Con delicatezza, mi avvicinai e posai la mano sul suo viso, trovandolo

caldo ma fortunatamente non malato.

Sospirai. Feci scivolare i polpastrelli sulla sua pelle, regalandogli una

carezza nascosta, poi tornai a voltarmi. Avevo ormai raggiunto la porta

quando la sua voce mi fermò.

«Posso soltanto farti del male.»

Rimasi immobile. Ascoltai quelle parole come se in fondo, da qualche

parte, le conoscessi già.

«Io sono questo…» mormorò la sua voce disillusa, «e non so essere

nient’altro.»

Guardai davanti a me, le palpebre a mezz’asta, l’espressione spenta,

come se il mio cuore fosse un diamante impolverato che aveva smesso di

brillare.

Lentamente, mi girai. Rigel era seduto, le mani stringevano il bordo del

letto, ma il viso era abbassato, adombrato dai capelli. Sembrava volermi

impedire di vederlo.

«È questa la verità…»

«La notte riesco a dormire», lo interruppi, svuotata ma decisa. «Non devo

più tenere la luce accesa. Non mi alzo più perché non voglio

addormentarmi. Gli incubi non sono andati via… ma stanno sbiadendo.
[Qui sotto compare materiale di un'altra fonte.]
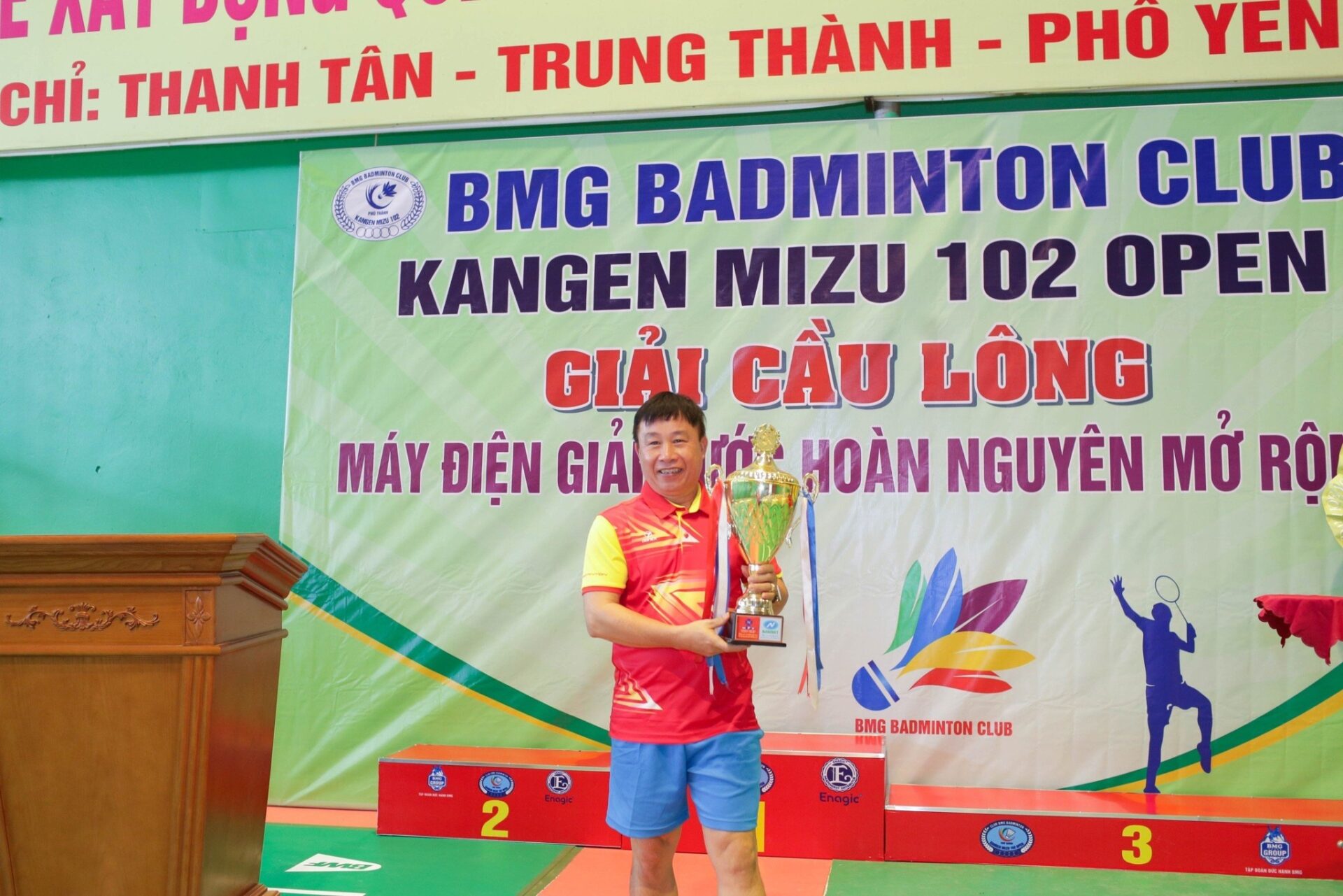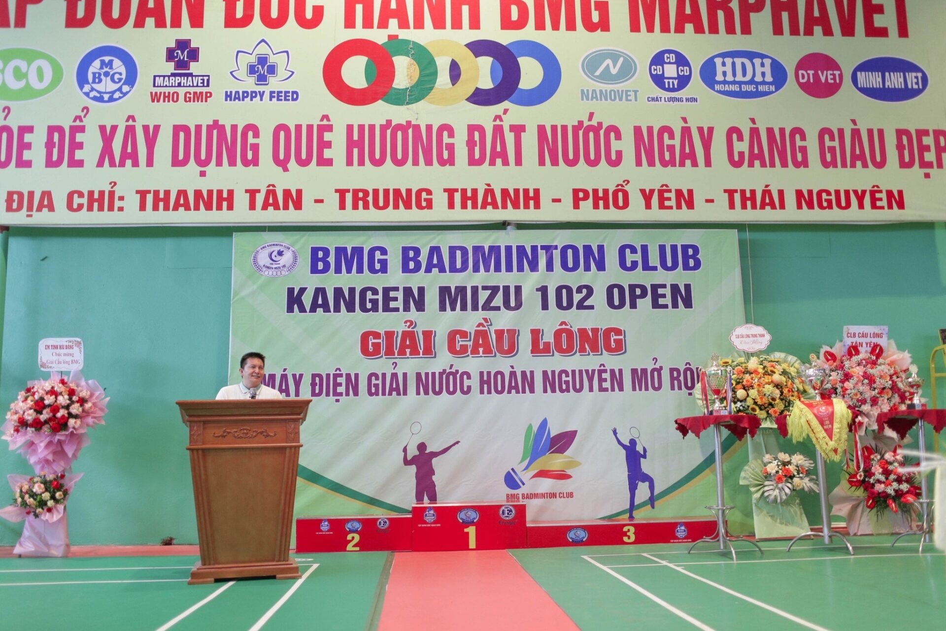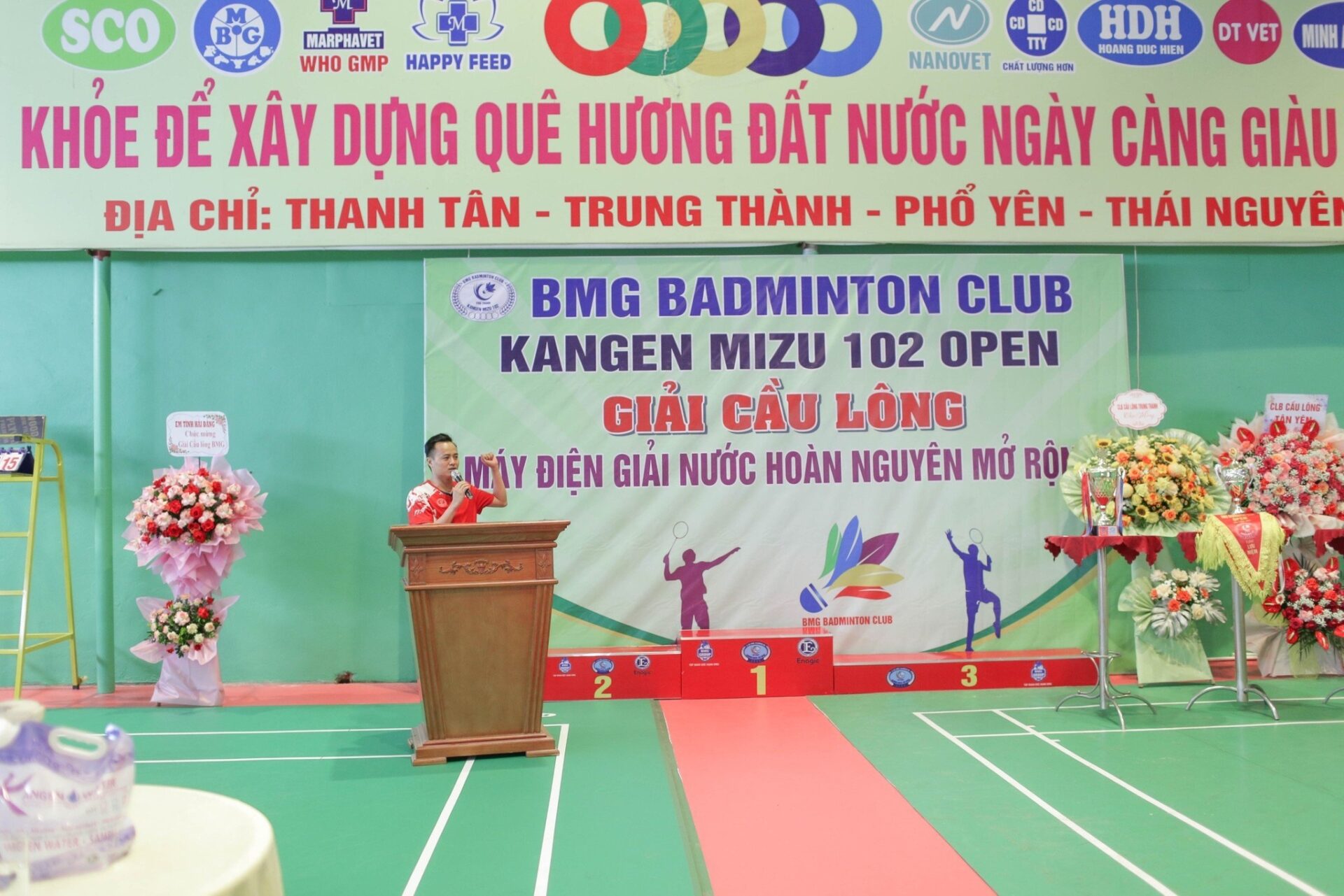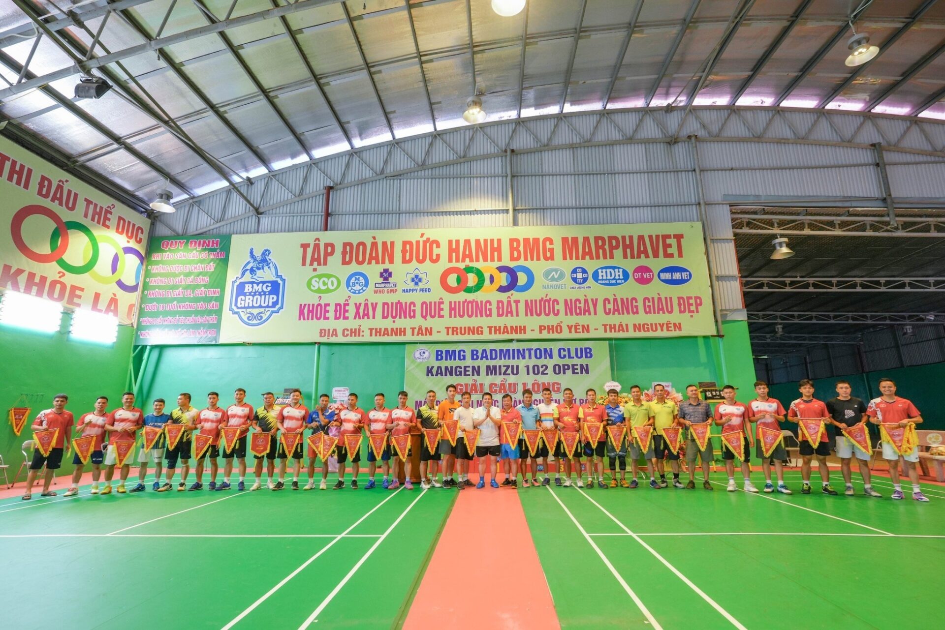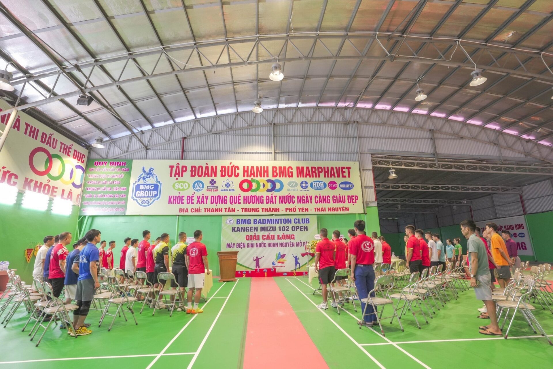 Giải cầu lông “KANGEN MIZU 102 OPEN” được diễn ra vào ngày 15.09.2023 tại nhà thi đấu cầu lông hiện đại của Tập đoàn Đức Hạnh Marphavet BMG với khẩu hiệu “Khỏe để xây dựng Quê hương đất nước ngày càng giàu đẹp”. Giải được tổ chức nhằm tạo sân chơi bổ ích, là cơ hội kết nối, giao lưu, học hỏi, rèn luyện thể chất của các tay vợt BMG BADMINTON CLUB và các đối tác, cá nhân yêu thích cầu lông trên địa bàn.

Sbiadiscono perché in quel nero non vedo più la cantina, ma i tuoi occhi.»

Assottigliai le palpebre, spezzata. «Tu mi stai guarendo, Rigel. Eppure

nemmeno te ne accorgi.»

Mi aveva riempita di stelle.

E neanche lo vedeva.

«Guarire si può…» sussurrai, credendoci davvero.

A quel punto, però, Rigel alzò gli occhi. E in quell’istante capii che

qualunque verità ci fosse dentro il suo sguardo andava al di là di me. Lui, in

quel modo, non si era mai fatto vedere da nessuno.

«C’è qualcosa di rotto in me… che non guarirà mai.»